Developer Guide

  • 2021.1
  • 11/03/2021
  • Public
Contents

PCIe-from-Memory Sample Demo

This demo is intended to show you how to use the data streams optimizer, as well as provide an example of the performance benefits that the tool offers.
You will use the data streams optimizer to improve the latency of a sample workload by tuning the PCIe-from-memory stream (PCIe reads).
After trying this demo, you will have a better sense of how the tool works.
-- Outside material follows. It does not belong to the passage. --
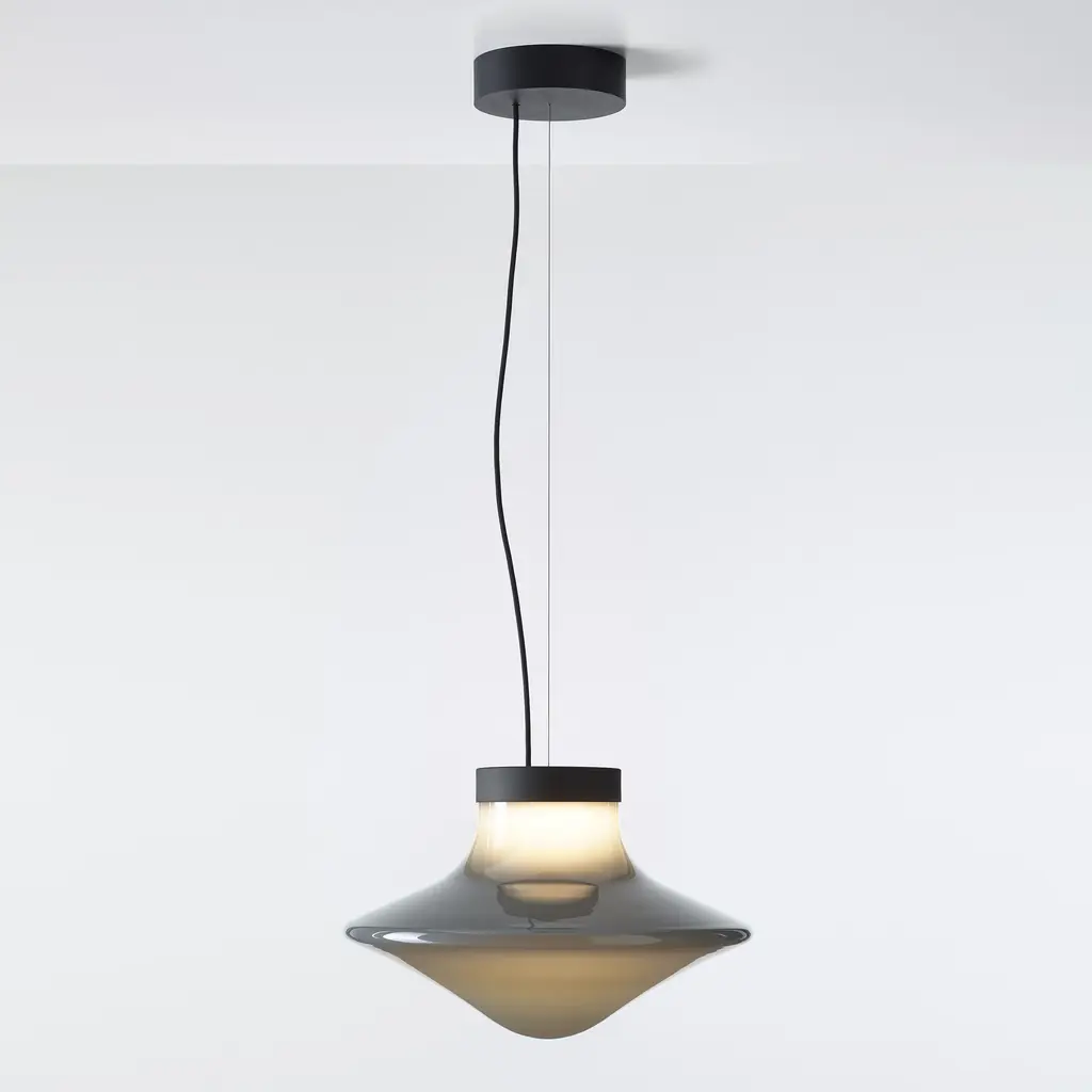 Dynamic yet delicately balanced, the Trottola LED Pendant Light from Brokis captures the playful spirit of a spinning top in a refined, sculptural form. Designed by Federico Peri, its name—Trottola, Italian for "whirligig"—hints at the lamp’s gentle motion and kinetic inspiration. The handblown glass shade, with its elegant curves and subtle gradient, floats beneath a minimal metal cap, diffusing a soft, ambient light. Suspended alone or in clusters, Trottola adds movement, warmth, and poetic charm to any contemporary setting. It’s lighting that feels as alive as the space around it. Highlights

You can then start to use the tool with your real-time workload instead of the sample workload and assess how the tool can help you achieve your requirements.

Scenario

As context for this demo, consider the following scenario:
Imagine a high-speed motion control application which begins and ends its control loop with I/O from a PCIe attached industrial Ethernet controller. The high-speed motion controller requires operating at 8 kHz, or a 125 microsecond (µs) cycle time.
The sensor and actuator latency overhead, including the industrial Ethernet connection to/from the integrated controller, is budgeted at about 5 µs each way leaving a target of 115 µs maximum latency from sensor packet coming in (receive, Rx) to actuator packet going out (transmit, Tx). In the diagram above, the overall packet latency is t
3
’ - t
0
’ = 115 µs.
The target requirements can be decomposed even further if the core must read the network data in 50 µs (compute latency). This means there is 65 µs allowed for the Rx and Tx latency, including static software overhead.
You decide to use the data streams optimizer to try to meet the Rx and Tx latency requirement of 65 µs.
The RTCP Sample Workload is a proxy for such a scenario.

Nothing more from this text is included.